ECLI:NL:HR:2006:AV4010

Hoge Raad

Datum uitspraak
11 april 2006
Publicatiedatum
4 april 2013
Zaaknummer
00715/05
Instantie
Hoge Raad
Type
Uitspraak
Rechtsgebied
Strafrecht
Procedures
  • Cassatie
Rechters
  • F.H. Koster
  • G.J.M. Corstens
  • W.M.E. Thomassen
Vindplaatsen
  • Rechtspraak.nl
AI samenvatting door LexboostAutomatisch gegenereerd

Ontvankelijkheid van het cassatieberoep tegen arrest van het Gerechtshof te Arnhem

In deze zaak gaat het om de ontvankelijkheid van een cassatieberoep dat is ingesteld door de verdachte tegen een arrest van het Gerechtshof te Arnhem, gedateerd 27 december 2004. De verdachte, geboren in 1967 en ten tijde van de betekening gedetineerd in de Penitentiaire Inrichting 'Overijssel' te Zwolle, heeft zich op de terechtzitting van 13 december 2004 laten verdedigen door een gemachtigde advocaat, mr. A. Arslan. Het cassatieberoep is op 11 januari 2005 ingesteld, wat betekent dat de termijn voor het instellen van het beroep in cassatie, die 14 dagen bedraagt, is overschreden. De Advocaat-Generaal, de heer Wortel, heeft geconcludeerd dat de Hoge Raad de verdachte niet-ontvankelijk moet verklaren in het beroep. De Hoge Raad heeft de zaak beoordeeld en vastgesteld dat de verdachte niet kan worden ontvangen in het cassatieberoep, omdat het beroep te laat is ingesteld. De Hoge Raad heeft op 11 april 2006 uitspraak gedaan en de verdachte niet-ontvankelijk verklaard in het cassatieberoep. Dit arrest is gewezen door de vice-president F.H. Koster, samen met de raadsheren G.J.M. Corstens en W.M.E. Thomassen, en is uitgesproken in aanwezigheid van de waarnemend griffier M.T.E. van Huut.

Uitspraak

11 april 2006
Strafkamer
nr. 00715/05
EC/SM
Hoge Raad der Nederlanden
Arrest
op het beroep in cassatie tegen een arrest van het Gerechtshof te Arnhem van 27 december 2004, nummer 21/003829-04, in de strafzaak tegen:
[verdachte], geboren te [geboorteplaats] op [geboortedatum] 1967, ten tijde van de betekening van de aanzegging gedetineerd in de Penitentiaire Inrichting "Overijssel" (Huis van Bewaring "Zwolle") te Zwolle.
1. Geding in cassatie
Het beroep is ingesteld door de verdachte.

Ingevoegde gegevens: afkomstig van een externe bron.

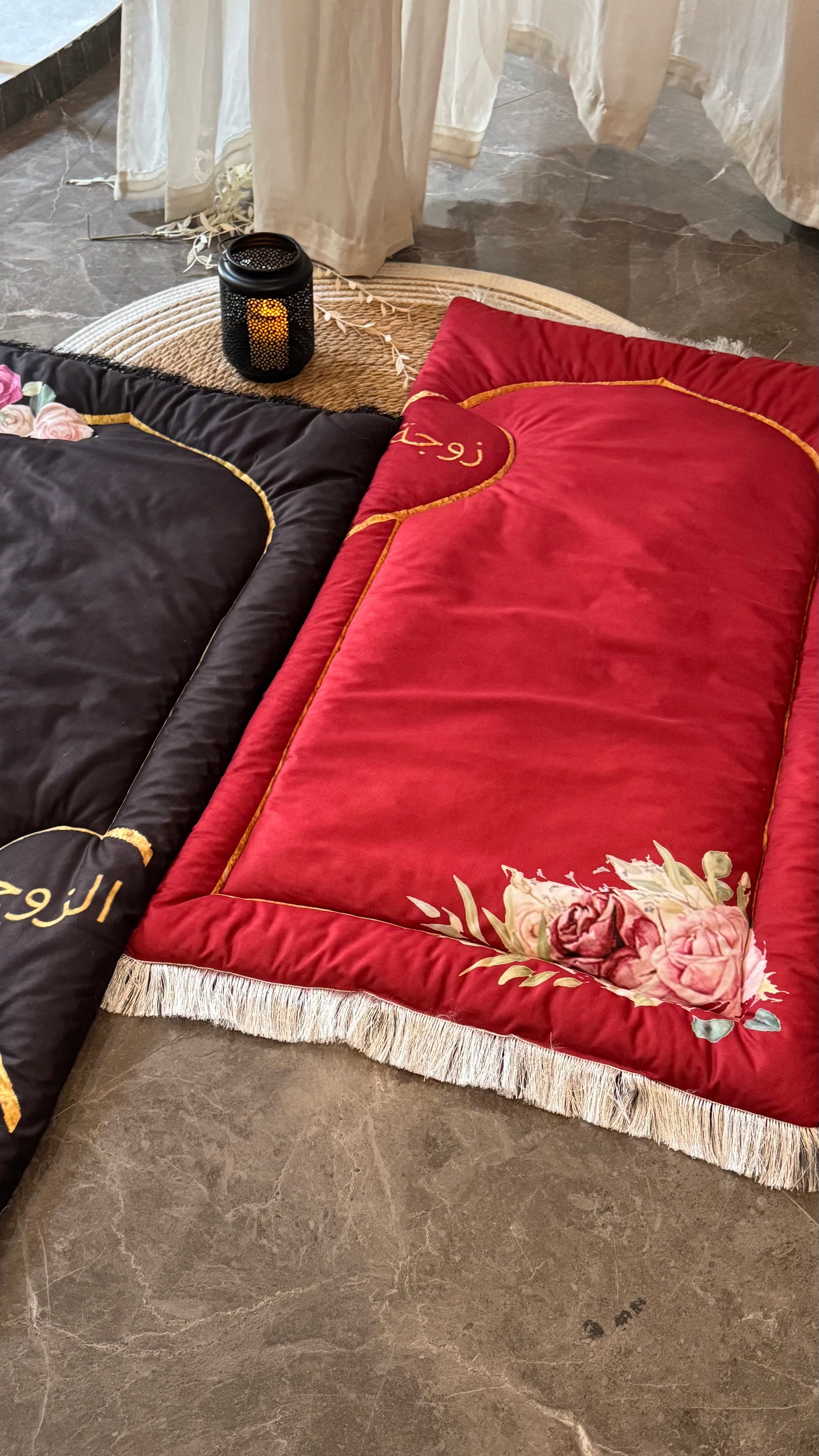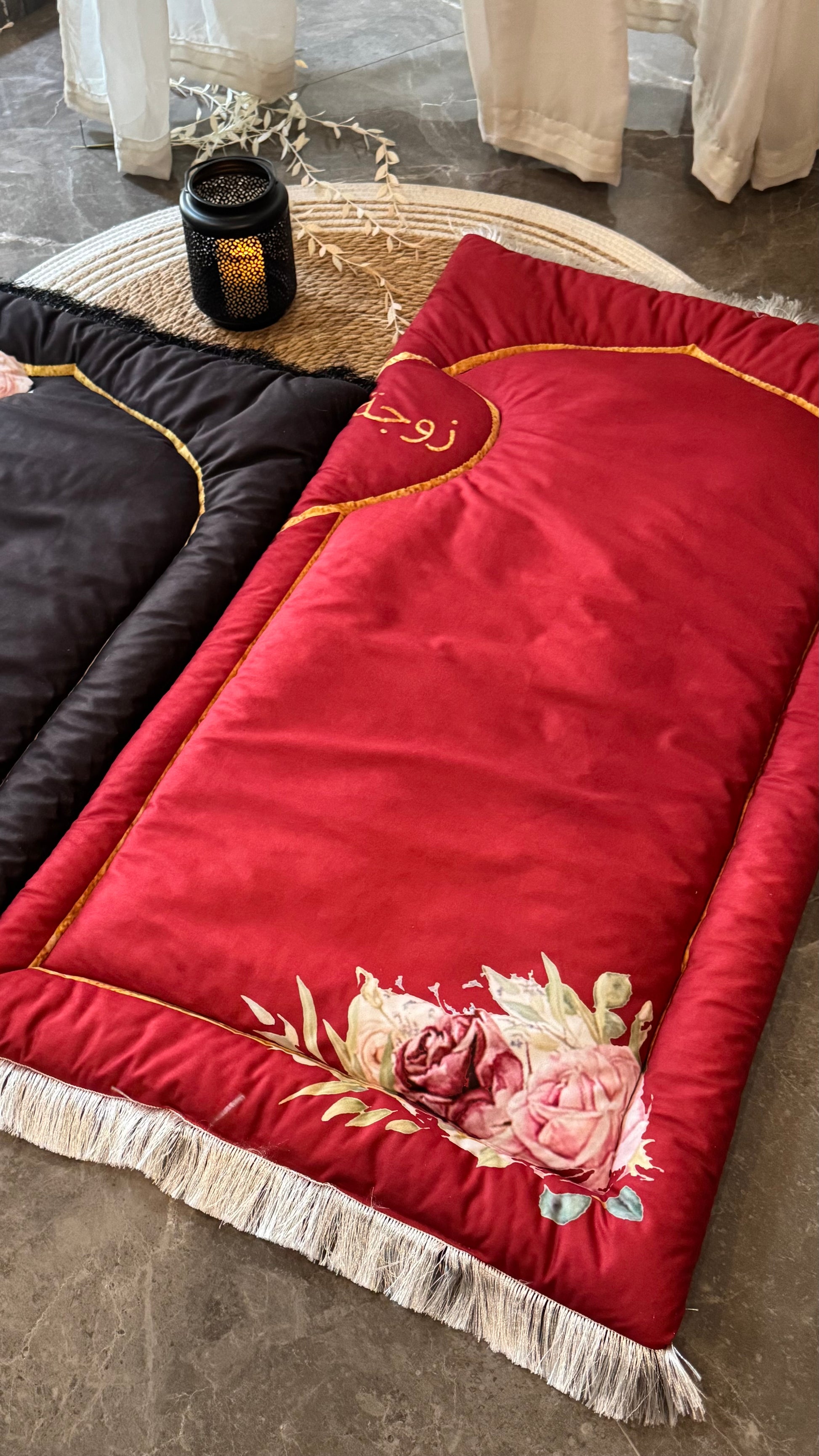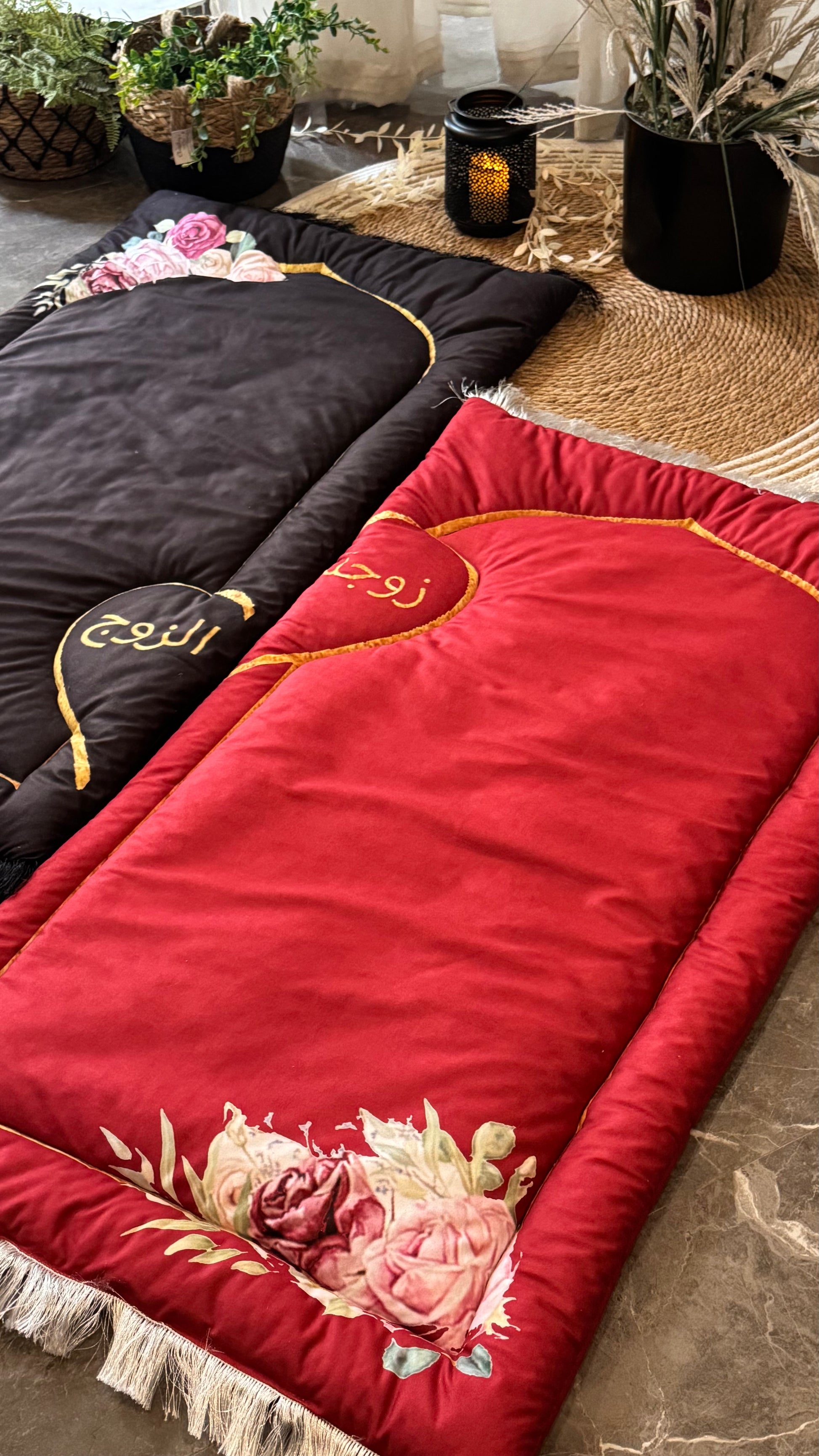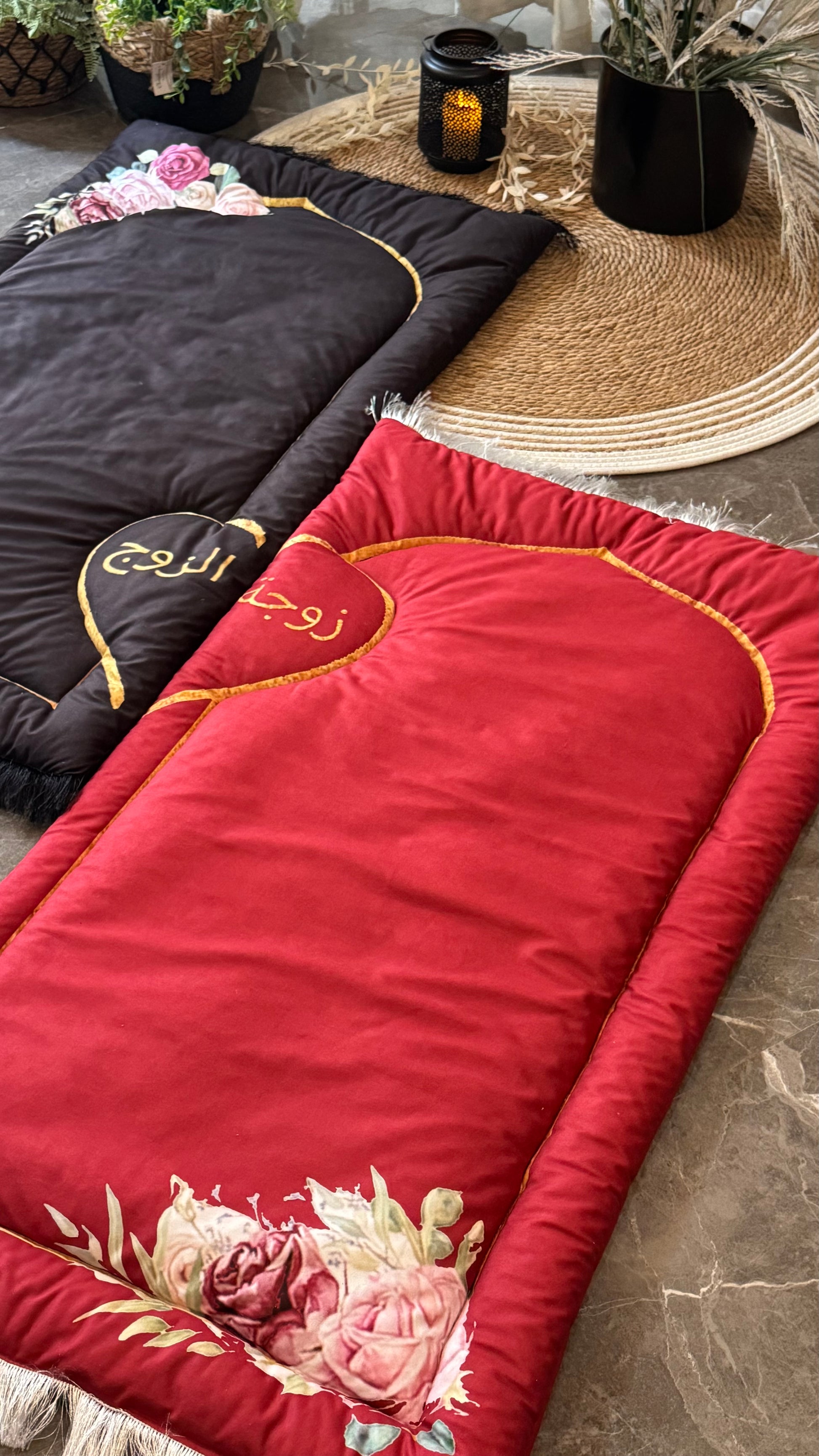 • Elegant Embroidery: Beautifully embroidered with golden Arabic calligraphy – “زوج” (Husband) on the black mat and “زوجة” (Wife) on the red mat – creating a perfect symbolic duo.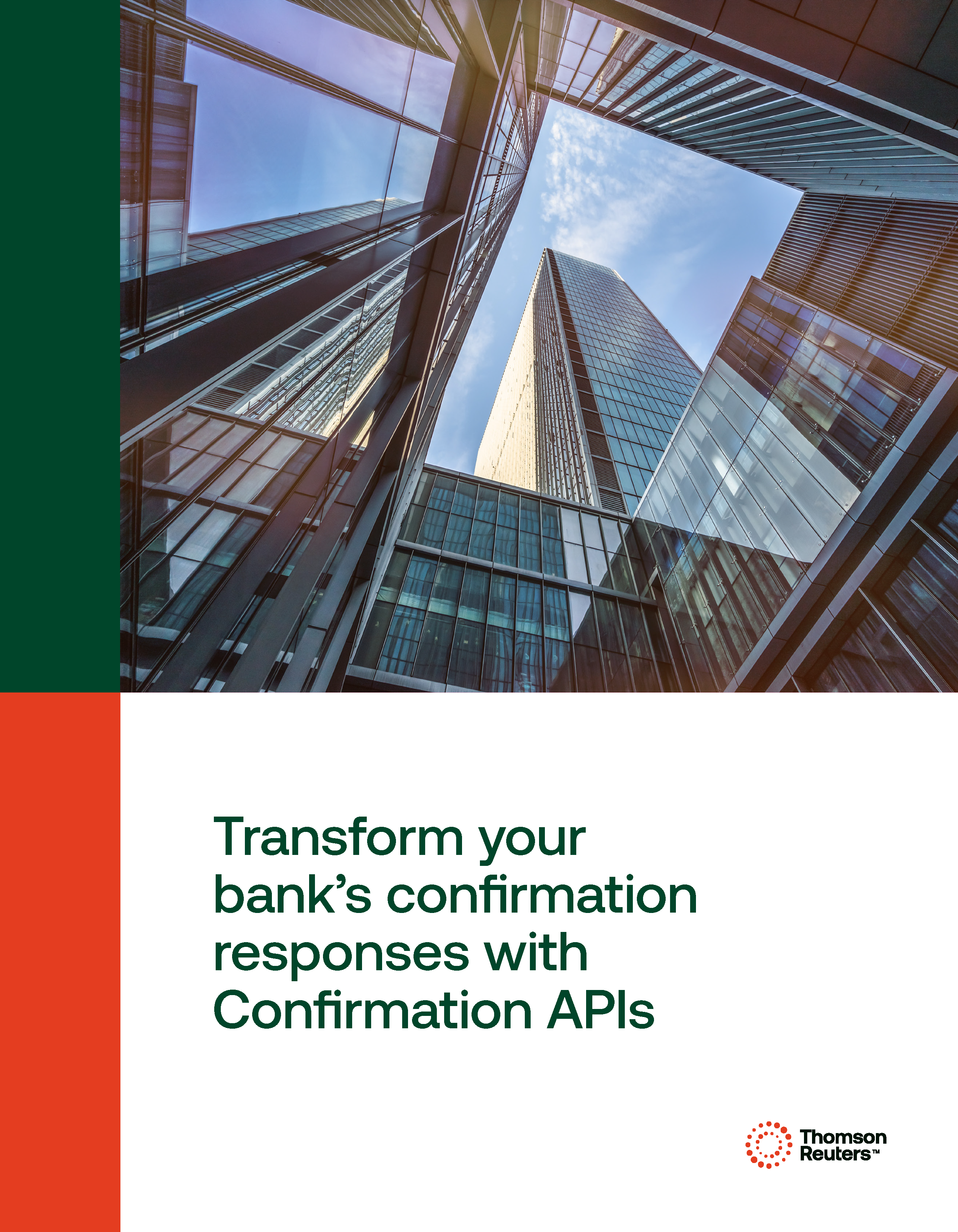 Our customized Thomson Reuters® Confirmation API solutions can automate your confirmation responses and data retrieval. That means you'll save time, increase data accuracy, and provide a superior customer experience. All while provided you with the same unparalleled level of security that you rely on.

Namens deze heeft mr. A. Arslan, advocaat te Zwolle, bij schriftuur een middel van cassatie voorgesteld. De schriftuur is aan dit arrest gehecht en maakt daarvan deel uit.
De Advocaat-Generaal Wortel heeft geconcludeerd dat de Hoge Raad de verdachte niet-ontvankelijk zal verklaren in het beroep.
2. Beoordeling van de ontvankelijkheid van het beroep
Blijkens de stukken is het beroep in cassatie ingesteld op 11 januari 2005, zodat de verdachte - nu deze zich op de terechtzitting van het Hof van 13 december 2004 op de voet van art. 279, eerste lid, Sv heeft laten verdedigen door een daartoe uitdrukkelijk gemachtigde advocaat - in het beroep niet kan worden ontvangen.
3. Beslissing
De Hoge Raad verklaart de verdachte niet-ontvankelijk in het beroep.
Dit arrest is gewezen door de vice-president F.H. Koster als voorzitter, en de raadsheren G.J.M. Corstens en W.M.E. Thomassen, in bijzijn van de waarnemend griffier M.T.E. van Huut, en uitgesproken op 11 april 2006.